Say I’m in a chat room. There’s me, a bunch of other people, there are a couple of moderators, and there’s Troll. So we’re chatting away merrily, and maybe Troll pops up in my Private Message box and says something inappropriate. Maybe, Troll says something flat out offensive.

So, I appeal to the moderators. “You wrote the rules for this chat room, and Troll is violating them,” I say.

“Block him,” is the inevitable response.

But why, when Troll is the one in the wrong, is it my responsibility to take action? Why do the moderators so often refuse to police the rules they wrote?

We live in a world where victim blaming is a constant problem. If a woman walks down the street at night and is assaulted, too many people will come out of the woodwork and say “well, what was she wearing? Why was she out that late at night?

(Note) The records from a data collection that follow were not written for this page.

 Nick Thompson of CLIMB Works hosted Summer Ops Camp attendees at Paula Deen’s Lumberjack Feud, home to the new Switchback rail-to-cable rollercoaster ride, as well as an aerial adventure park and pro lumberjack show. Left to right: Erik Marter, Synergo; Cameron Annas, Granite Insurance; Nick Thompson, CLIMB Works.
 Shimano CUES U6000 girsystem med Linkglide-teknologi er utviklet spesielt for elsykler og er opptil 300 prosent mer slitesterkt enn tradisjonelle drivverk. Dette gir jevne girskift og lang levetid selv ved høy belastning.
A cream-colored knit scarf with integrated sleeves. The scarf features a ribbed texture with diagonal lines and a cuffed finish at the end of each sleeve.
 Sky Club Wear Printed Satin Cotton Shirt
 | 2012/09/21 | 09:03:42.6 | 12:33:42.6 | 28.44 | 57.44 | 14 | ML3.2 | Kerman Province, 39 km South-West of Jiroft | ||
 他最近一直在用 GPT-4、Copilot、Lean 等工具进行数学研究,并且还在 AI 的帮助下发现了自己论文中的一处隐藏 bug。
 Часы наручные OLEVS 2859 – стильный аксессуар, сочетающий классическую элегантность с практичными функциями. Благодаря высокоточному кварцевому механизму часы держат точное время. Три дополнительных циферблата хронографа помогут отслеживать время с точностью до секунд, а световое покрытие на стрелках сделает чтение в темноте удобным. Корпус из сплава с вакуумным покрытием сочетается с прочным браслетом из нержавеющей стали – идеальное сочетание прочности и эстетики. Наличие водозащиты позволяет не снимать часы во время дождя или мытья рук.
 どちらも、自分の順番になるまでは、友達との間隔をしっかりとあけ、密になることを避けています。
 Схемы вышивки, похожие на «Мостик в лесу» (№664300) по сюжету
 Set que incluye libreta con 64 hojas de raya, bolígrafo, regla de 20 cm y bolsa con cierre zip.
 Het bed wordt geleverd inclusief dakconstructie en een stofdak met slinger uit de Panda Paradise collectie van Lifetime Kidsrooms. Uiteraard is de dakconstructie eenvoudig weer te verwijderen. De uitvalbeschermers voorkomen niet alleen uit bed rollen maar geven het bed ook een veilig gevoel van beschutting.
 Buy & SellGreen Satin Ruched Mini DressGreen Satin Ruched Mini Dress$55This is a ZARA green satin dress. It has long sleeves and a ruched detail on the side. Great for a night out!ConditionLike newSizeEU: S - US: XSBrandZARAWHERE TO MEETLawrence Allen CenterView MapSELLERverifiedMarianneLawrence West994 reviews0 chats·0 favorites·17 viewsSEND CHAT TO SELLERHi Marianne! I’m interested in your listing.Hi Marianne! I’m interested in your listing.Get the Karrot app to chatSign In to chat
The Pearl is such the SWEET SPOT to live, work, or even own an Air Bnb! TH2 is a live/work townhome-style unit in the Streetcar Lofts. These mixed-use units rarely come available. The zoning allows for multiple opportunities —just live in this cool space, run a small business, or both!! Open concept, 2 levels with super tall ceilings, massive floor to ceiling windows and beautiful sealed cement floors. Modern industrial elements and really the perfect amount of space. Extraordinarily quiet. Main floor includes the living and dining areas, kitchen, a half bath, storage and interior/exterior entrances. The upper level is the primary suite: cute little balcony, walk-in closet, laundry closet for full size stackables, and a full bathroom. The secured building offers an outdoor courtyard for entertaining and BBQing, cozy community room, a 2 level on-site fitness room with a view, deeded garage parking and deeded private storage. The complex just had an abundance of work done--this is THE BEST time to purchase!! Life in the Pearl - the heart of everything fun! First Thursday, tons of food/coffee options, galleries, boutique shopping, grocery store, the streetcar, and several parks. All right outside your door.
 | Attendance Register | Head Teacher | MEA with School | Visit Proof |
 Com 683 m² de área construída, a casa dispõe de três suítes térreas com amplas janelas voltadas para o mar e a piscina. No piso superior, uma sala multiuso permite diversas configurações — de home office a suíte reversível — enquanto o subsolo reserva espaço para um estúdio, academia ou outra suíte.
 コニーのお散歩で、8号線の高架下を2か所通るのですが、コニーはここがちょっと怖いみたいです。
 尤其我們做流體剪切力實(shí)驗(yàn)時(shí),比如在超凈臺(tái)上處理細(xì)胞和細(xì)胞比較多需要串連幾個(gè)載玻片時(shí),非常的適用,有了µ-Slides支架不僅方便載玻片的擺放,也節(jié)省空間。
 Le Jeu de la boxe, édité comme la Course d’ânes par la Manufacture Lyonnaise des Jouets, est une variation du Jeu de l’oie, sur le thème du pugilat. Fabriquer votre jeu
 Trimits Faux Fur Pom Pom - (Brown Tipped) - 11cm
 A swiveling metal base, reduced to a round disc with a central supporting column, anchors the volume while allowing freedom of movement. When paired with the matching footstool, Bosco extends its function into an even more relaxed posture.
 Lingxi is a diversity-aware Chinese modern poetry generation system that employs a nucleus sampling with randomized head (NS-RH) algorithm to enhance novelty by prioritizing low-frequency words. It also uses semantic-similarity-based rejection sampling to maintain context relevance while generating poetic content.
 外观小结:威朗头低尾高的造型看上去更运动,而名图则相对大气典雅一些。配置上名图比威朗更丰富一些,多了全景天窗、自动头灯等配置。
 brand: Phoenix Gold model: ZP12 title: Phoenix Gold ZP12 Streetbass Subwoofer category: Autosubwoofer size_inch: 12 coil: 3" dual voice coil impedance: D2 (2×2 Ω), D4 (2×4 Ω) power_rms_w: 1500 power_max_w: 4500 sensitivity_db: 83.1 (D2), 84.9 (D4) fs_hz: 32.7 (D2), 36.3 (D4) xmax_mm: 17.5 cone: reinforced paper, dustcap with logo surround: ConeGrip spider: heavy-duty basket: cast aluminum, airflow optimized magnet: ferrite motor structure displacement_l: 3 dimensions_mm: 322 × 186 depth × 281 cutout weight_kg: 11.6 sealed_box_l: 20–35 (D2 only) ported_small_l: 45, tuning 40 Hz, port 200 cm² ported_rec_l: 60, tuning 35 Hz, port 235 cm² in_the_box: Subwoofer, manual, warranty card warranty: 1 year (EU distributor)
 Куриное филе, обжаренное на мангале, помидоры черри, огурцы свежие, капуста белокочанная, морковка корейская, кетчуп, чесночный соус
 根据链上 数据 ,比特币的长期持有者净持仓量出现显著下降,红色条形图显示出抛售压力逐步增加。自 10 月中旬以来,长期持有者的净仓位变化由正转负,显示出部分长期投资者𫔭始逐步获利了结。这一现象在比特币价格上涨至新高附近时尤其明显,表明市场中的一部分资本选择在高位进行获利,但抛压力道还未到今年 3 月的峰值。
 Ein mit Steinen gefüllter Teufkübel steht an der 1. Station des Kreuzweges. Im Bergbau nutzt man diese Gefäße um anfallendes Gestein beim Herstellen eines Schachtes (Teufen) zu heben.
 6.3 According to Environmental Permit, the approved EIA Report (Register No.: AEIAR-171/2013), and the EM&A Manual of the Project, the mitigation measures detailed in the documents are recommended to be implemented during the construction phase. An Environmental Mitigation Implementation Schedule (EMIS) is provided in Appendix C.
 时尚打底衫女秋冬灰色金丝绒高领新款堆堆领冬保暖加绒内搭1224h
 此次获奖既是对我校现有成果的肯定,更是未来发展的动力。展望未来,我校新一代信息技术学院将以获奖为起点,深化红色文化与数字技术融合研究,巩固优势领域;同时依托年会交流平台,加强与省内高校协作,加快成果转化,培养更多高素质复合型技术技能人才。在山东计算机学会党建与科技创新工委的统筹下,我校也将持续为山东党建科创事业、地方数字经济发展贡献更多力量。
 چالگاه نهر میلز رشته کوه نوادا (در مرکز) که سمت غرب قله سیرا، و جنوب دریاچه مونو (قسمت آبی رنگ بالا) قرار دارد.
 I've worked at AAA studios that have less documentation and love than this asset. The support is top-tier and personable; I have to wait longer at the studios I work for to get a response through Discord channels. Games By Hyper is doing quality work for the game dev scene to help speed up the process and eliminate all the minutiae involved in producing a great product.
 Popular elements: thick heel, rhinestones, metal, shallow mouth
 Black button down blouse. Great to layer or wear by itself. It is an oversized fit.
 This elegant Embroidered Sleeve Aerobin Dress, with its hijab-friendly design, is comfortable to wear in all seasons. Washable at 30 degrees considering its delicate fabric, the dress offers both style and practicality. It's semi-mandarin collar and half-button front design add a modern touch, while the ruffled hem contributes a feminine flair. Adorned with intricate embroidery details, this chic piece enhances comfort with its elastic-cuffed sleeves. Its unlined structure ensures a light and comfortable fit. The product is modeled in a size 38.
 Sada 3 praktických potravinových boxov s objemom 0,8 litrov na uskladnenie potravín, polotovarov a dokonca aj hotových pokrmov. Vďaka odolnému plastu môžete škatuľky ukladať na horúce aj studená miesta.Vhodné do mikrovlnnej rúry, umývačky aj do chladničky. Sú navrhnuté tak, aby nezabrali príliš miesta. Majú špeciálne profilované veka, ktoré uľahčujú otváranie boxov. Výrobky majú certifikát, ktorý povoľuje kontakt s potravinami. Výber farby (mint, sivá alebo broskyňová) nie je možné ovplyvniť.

Why was she alone? Really, she could have prevented this.”

That’s what victim blaming is. It’s putting the responsibility for the incident onto the victim – when all the victim did, was be in the wrong place at the wrong time. You know where the responsibility actually lies? With the person who made the choice to (assault, harm, abduct) someone.

So that’s victim blaming in a large sense: It’s the worst case scenario of victim blaming. But that sort of behavior exists in large part because we as a society allow it to exist. The only way we can change that, is if we eliminate this type of thinking at every level – including the tiny, seemingly inconsequential level of chat room trolls and moderators who would rather tell the victim to protect themselves, instead of doing what they themselves signed up to do.

I’m not completely naive. I know that most, if not 99%, of chat room moderators and forum moderators and so on are volunteers and get paid nothing for their work. But to that I say, this was a choice you made, to moderate this site, this room, this discussion. You put your hand up and decided you wanted to do it. It is not unreasonable for people to expect you to then do the job you said you would do.

We as a society need to collectively decide that no, actually, it’s not my responsibility to “block” Troll. In the first instance, it should be on Troll not to have behaved badly and broken the social contract. In the second instance, if/when Troll proves that they have no intention of policing their own behavior, it should be on the moderators and the gatekeepers of the discussion to enforce consequences as appropriate.

When you are in power and a victim comes to you and says they have been wronged, it is not okay for you to lay out how the victim needs to take responsibility for what happened. It is on you to ensure that the person who wronged them faces consequences. 

Some people are going to read this and think that I am genuinely ranting about chat rooms and how I should lighten up, turn off the computer, and go out and interact with real people. Let me make it clear that in ranting about what happens in chat rooms, I am actually pointing out a symptom of a much larger societal problem.

What we allow to happen at the micro level of interpersonal interactions, justifies and normalizes what we allow to happen at the macro level of interpersonal interactions.